Story Number: NNS041129-03
Release Date: 11/29/2004 12:05:00 PM

By Journalist 2nd Class Kris Allen, USS Nimitz Public Affairs

NORTH ISLAND, Calif. (NNS) -- USS Nimitz (CVN 68) pulled back into Naval Air Station North Island Nov. 20 after an arduous 23 days at sea completing Tailored Ship's Training Availability (TSTA) phases I, II and III, and Final Evaluation Period (FEP).

It has taken only three months for Nimitz to become "emergency surge" deployable in accordance with the Navy's Fleet Response Plan since returning to full operational status after a six-month pierside Planned Incremental Availability.

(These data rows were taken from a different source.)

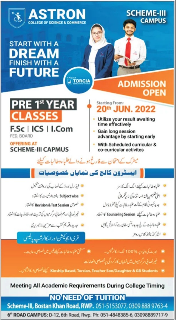 Astron College of Science & Commerce Pre 1st Year Class, Fsc Pre Medical, Fsc Pre Engineering, ICS, I.Com admissions 2022 has been started. Students can enroll for admissions in Astron College of Science & Commerce Rawalpindi Punjab Pakistan for academic year 2022 to continue campus based or online education in Science College. Eligible students for fulfilling criteria for admissions in Intermediate, ICS and I.com can enroll as per Private admission policy 2022 till closing date 20 June 2022. Read newspaper ad for exact details.
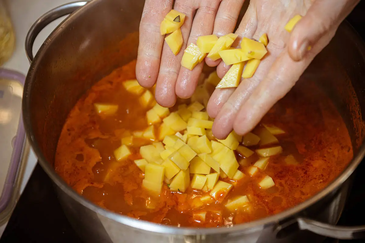 Очистите картофель и нарежьте кубиками, добавьте в суп. Варите ещё около 20 минут, в конце посолите по вкусу.
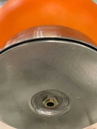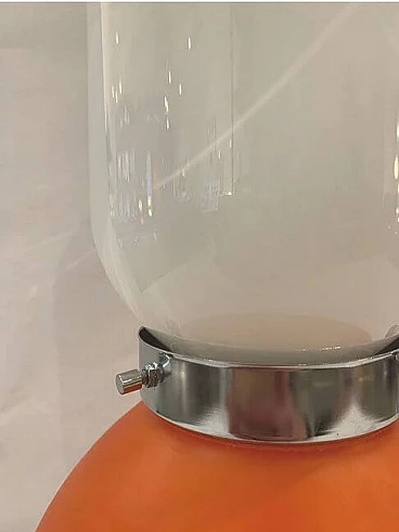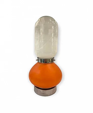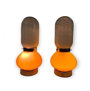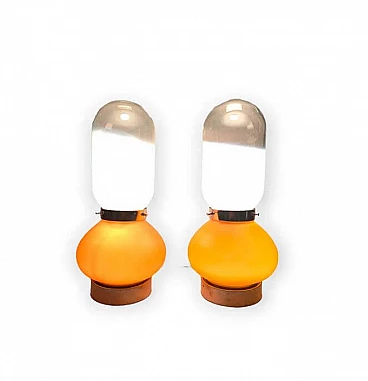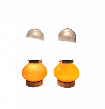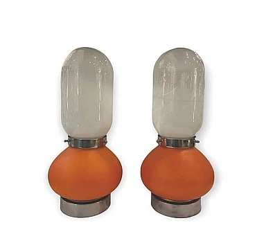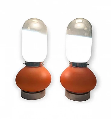 Coppia di lampade da tavolo space age in vetro arancio e bianco
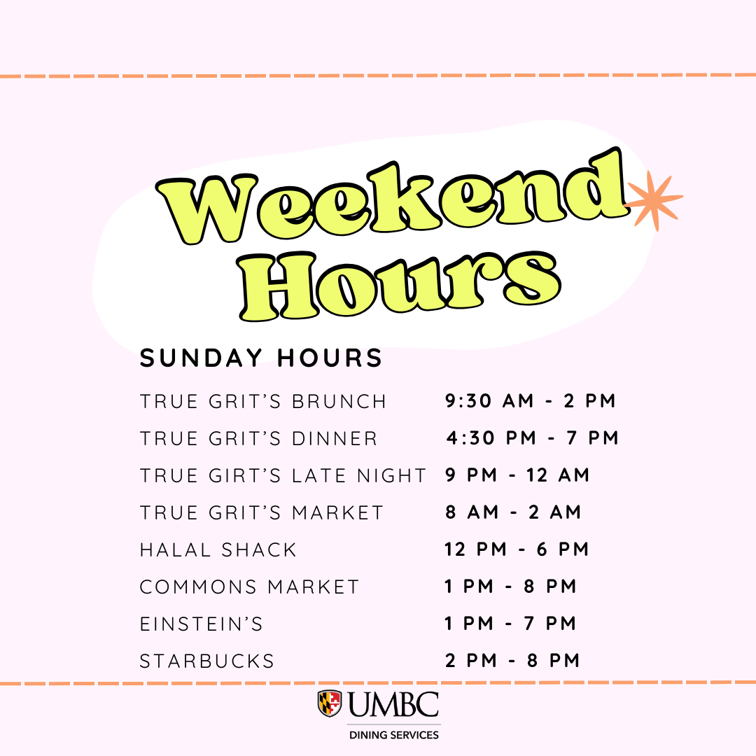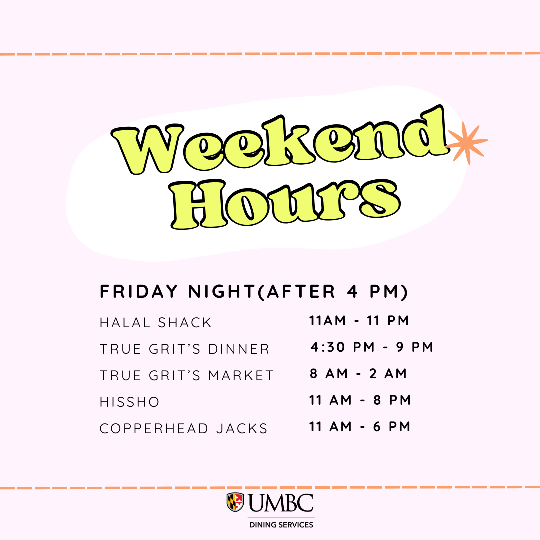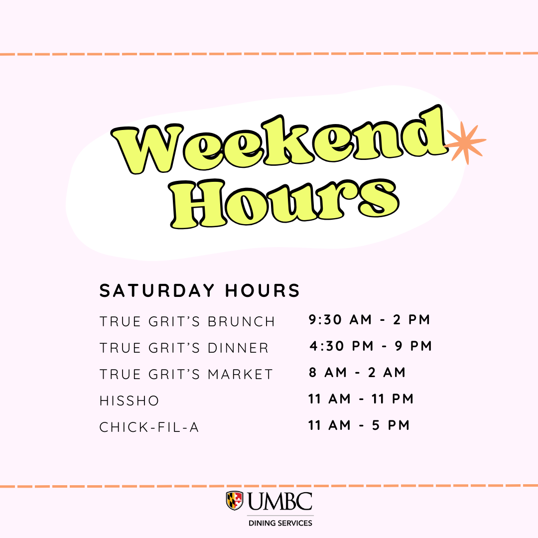 We made some changes to our weekend hours, please be sure to check out dineoncampus.com to see what's open. I've attached flyers to this post as well. Enjoy your weekend!

"We are the first carrier in the Pacific to fully go through this one at sea period that encompasses both TSTA and FEP," said Cmdr. John Nell, command training officer. "There was really no time to rest. We were constantly training every day whether it was a mass casualty drill, flight and hangar deck mass conflag, general quarters or individual repair locker training."

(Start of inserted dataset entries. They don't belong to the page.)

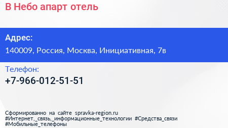 В Небо, апарт-отель по адресу 140009, Россия, Москва, Инициативная, 7в в дальнейшем Организация, размещена в следующих категориях:
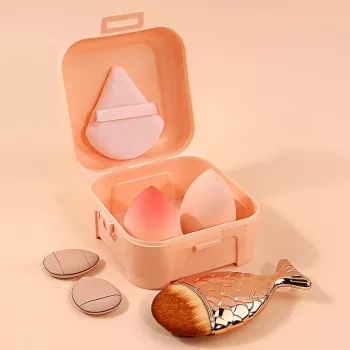 Boxed Makeup Sponge Set with Powder Puff & Fishtail Foundation Brush
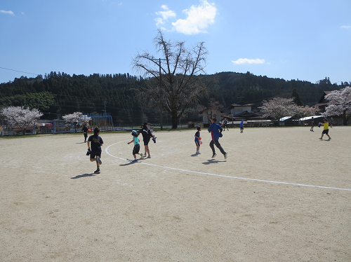 4月2日の午後、運動場で中学三年生から保育園の年中さんが一緒にいっぱい遊んでいました。
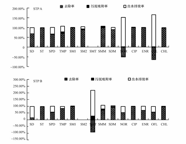 利用質(zhì)量平衡分析法分析抗生素在污水處理廠中的潛在去除機(jī)制.目標(biāo)抗生素在A、B兩廠進(jìn)水中的總?cè)召|(zhì)量負(fù)荷分別為8330.88、25184.38 g·d-1; 出水中的總?cè)召|(zhì)量負(fù)荷分別為2502.93、3094.19 g·d-1; 污泥中的總?cè)召|(zhì)量負(fù)荷分別為176.85、153.62 g·d-1.污泥吸附分別占進(jìn)水總負(fù)荷的2.1%、0.6%.Gao等(認(rèn)為抗生素等藥物在污水處理過程中主要通過生物轉(zhuǎn)化/降解、吸附和揮發(fā)去除, 多數(shù)PPCPs類物質(zhì)的亨利系數(shù)非常低, 揮發(fā)作用可以忽略.因此, 可以假定其主要去除機(jī)制為生物轉(zhuǎn)化/降解和吸附.本研究中, 多數(shù)抗生素經(jīng)過沉砂池(初沉池)處理后, 濃度下降明顯, 而沉砂池(初沉池)生物量不高, 故其去除應(yīng)該是吸附在顆粒物表面, 隨顆粒物沉降所致.活性污泥中抗生素的總?cè)召|(zhì)量負(fù)荷僅為進(jìn)水總負(fù)荷的2.1%、0.6%, 所占比例不高, 可以推測二級處理的主要去除機(jī)制是生物轉(zhuǎn)化和降解.選擇A、B兩廠進(jìn)水中檢出的抗生素, 以其不同途徑去除率為基礎(chǔ)作圖(圖 4), 可以看出, A廠TMP、SMM和B廠SMT、SMM在污泥中的含量相對較高, 剩余物質(zhì)均在污泥中負(fù)荷較低, 兩廠SD、ST以及B廠NOR、OFL的污泥吸附率為0, 表明生物作用對去除起主要影響.NOR、OFL屬于氟喹諾酮類抗生素(FQs), 通常認(rèn)為容易吸附到固相介質(zhì)中, 實驗所測污泥中的含量并不高.Li等(2004)認(rèn)為污泥對氟喹諾酮類抗生素的吸附主要受靜電引力作用, Ca2+和Mg2+等濃度較高, 會明顯降低FQs在活性污泥上的吸附.蘭州地區(qū)廢水中含鹽量通常較高, 容易通過競爭吸附抑制FQs的吸附, 導(dǎo)致污泥中NOR、OFL的含量降低.另一方面, 不同活性污泥法的微生物群落不同, 所選污水廠的活性污泥中可能產(chǎn)生了某些降解FQs的微生物細(xì)菌, 分解了污泥中的部分FQs.

According to Commander, Carrier Strike Group 11, Rear Adm. D.C. Curtis, "Nimitz' performance during the training cycle was superb." The ship capped off its FEP with an adjective score of outstanding - the highest score earned by a carrier this year. "The dedication of the crew has never been more evident," he added.

"The ship has performed above the levels that everyone expected after being laid up for nearly 10 months," Nell said. "The crew responded well to all phases of training and their enthusiasm and combat readiness is second to none."

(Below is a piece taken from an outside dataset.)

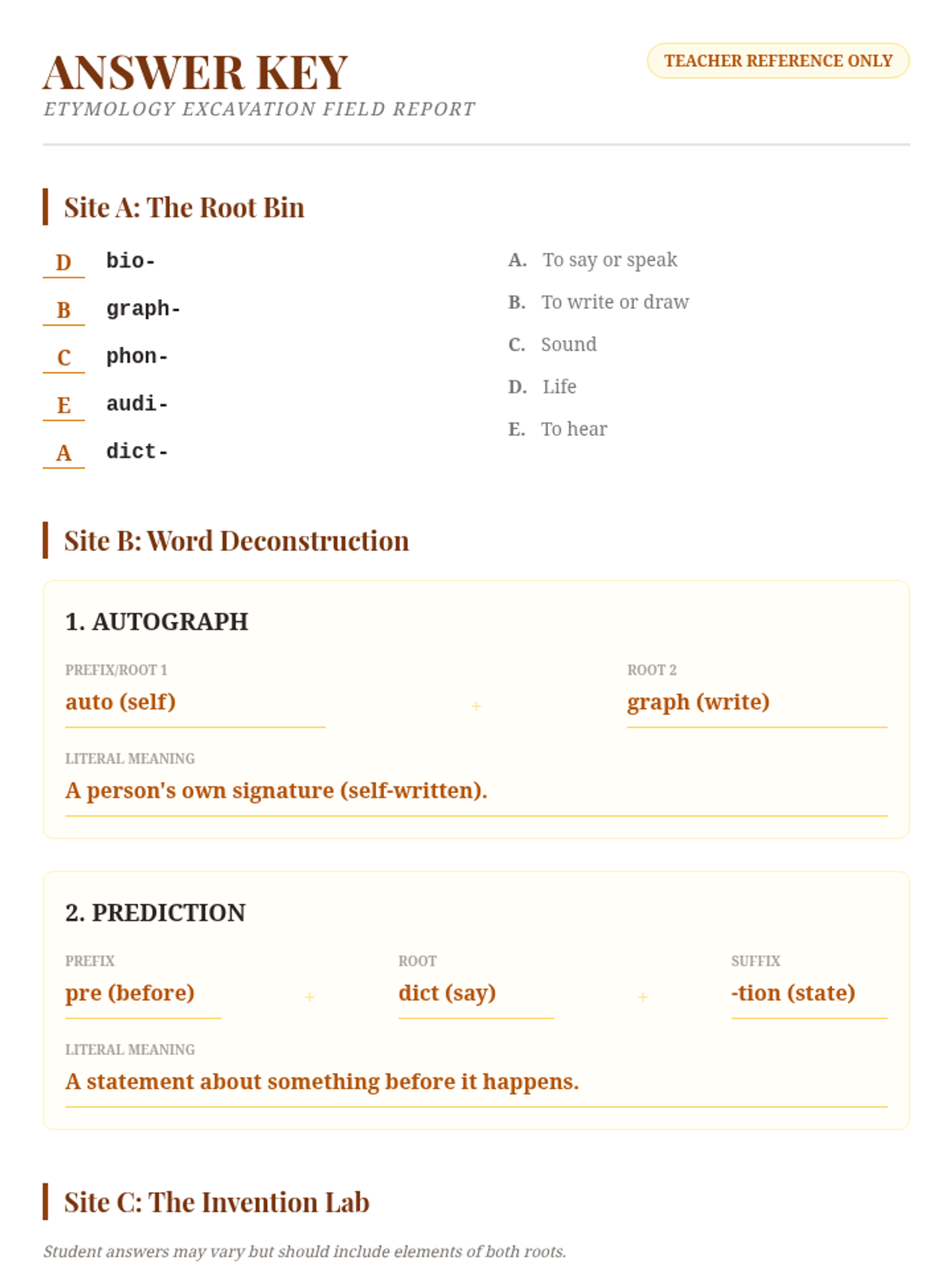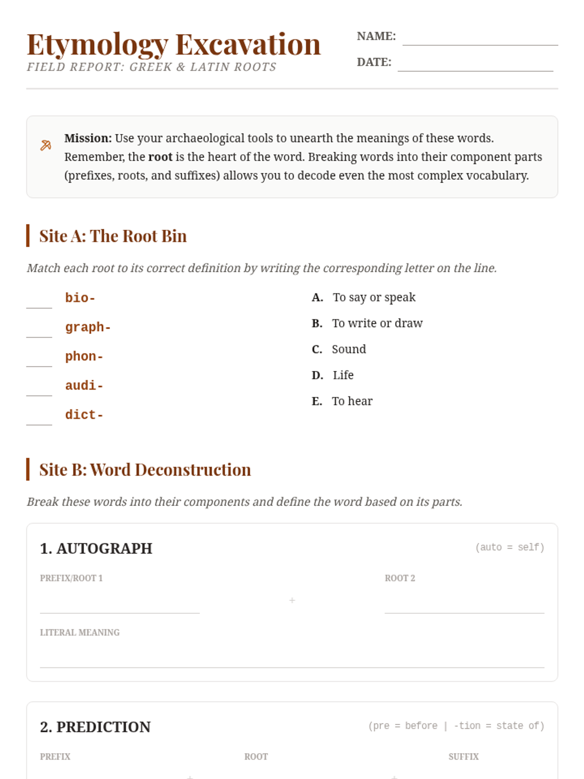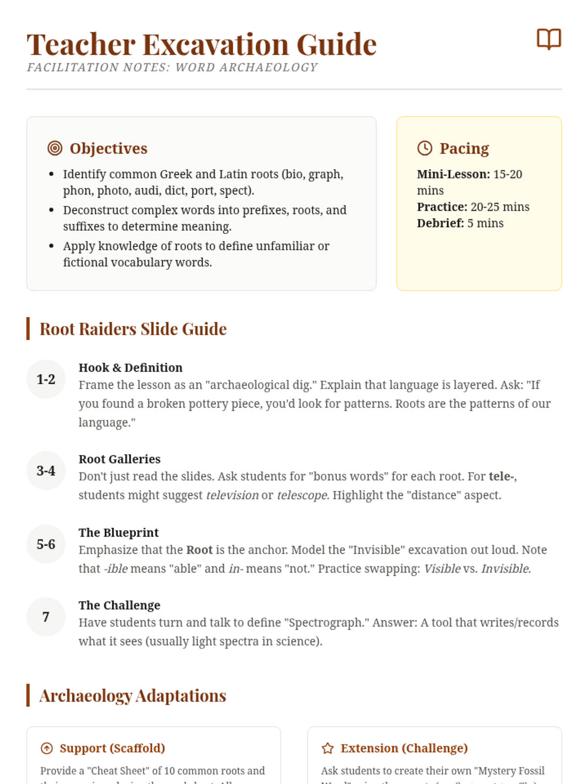 A deep dive into common Greek and Latin roots for 7th graders, using a word archaeology theme to explore how language is built and understood.

While all departments on the ship had challenges to overcome, the Weapons Training Team (WTT) had an especially unique one during this underway.

"WTT faced the challenge of being recognized by ATG (Afloat Training Group) Pacific as a training team. Other carriers' weapons departments are part of the combat systems training team," said Chief Torpedoman's Mate (SW/AW) William Del Valle, a WTT member. "WTT changed that mentality and created a training team that critiqued and evaluated watchstanders to ensure the team met all objectives to help make Nimitz combat ready."

Since this is the first underway with the air wing aboard since the end of the last deployment, the air department worked especially hard to ensure the team was up and running again.

"The most difficult challenge was trying to conduct drills and flight operations simultaneously," said Lt. Scott Wolfe, who's been involved in the planning stages of TSTA and FEP since day one. "Overall the Air Department operated very efficiently. The training level improved greatly in a short period of time."

Along with general quarters and individual repair locker training, the engineering department was also extremely busy.

"We exercised the crew and flying squad in more than 122 drills and gave them a satisfactory grade, which contributed to the ship receiving a grade of 'outstanding' from the ATG teams," said Senior Chief Damage Controlman (SW/AW) Michael Poirier, a member of the Damage Control Training Team.

Though Nimitz received the highest grade of outstanding for its TSTA and FEP, the ship will not put what it learned on the back burner. The ship's training organization used the TSTA/FEP as a cornerstone in preparation of its Composite Unit Training Exercise or COMPTUEX, which begins next week.

"We are collecting all our lessons learned from this at sea period and working with CNAP (Commander, Naval Air Force, U.S. Pacific Fleet) to fine tune how to make this time of training effective and efficient," said Nell.